San Francisco-Two new studies add to the growing evidence that spending time outdoors may help prevent or minimize myopia in children.
In a study conducted in Taiwan, children who were required to spend recess time outdoors had a reduced risk of nearsightedness. A separate study in Danish children found a direct correlation between seasonal fluctuations in daylight, eye growth, and the rate of nearsightedness progression. The research was published in the May issue of Ophthalmology, the journal of the American Academy of Ophthalmology.
In one of the new studies, an elementary school in Taiwan required its 333 students to spend recess outdoors for a year. A similar school nearby served as the control group and did not require outdoor recess. The results showed that significantly fewer children became nearsighted or shifted toward nearsightedness in the school that required outdoor recess, compared with the control school.
“Because children spend a lot of time in school, a school-based intervention is a direct and practical way to tackle the increasing prevalence of myopia,” said the leader of the study, Pei-Chang Wu, MD, PhD, of Kaohsiung Chang Gung Memorial Hospital in Kaohsiung, Taiwan.

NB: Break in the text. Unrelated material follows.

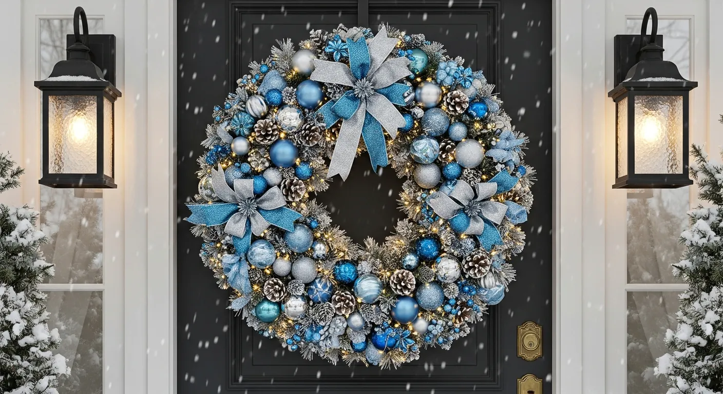 Extend your Winter Wonderland to the porch or entry with a large pre‑lit wreath that mirrors the tree’s blue‑and‑silver palette. A 30‑inch size has genuine impact on doors and mantels, especially with integrated lights for nighttime sparkle.

A separate study on the impact of daylight exposure on eye development analyzed data collected in a 2005 clinical trial that included 235 Danish school children with myopia. The participants were divided into seven groups, each of which represented a different seasonal interval. Because daylight hours fluctuate markedly with the seasons in Denmark, access to daylight was distinct for each group. In the children with access to the fewest hours of daylight, eye growth averaged 0.19 mm; in those with access to the most daylight, eye growth was just 0.12 mm.
“Our results indicate that exposure to daylight helps protect children from myopia,” said Dongmei Cui, MD, PhD, of Sun Yat-sen University, China, the leader of the study.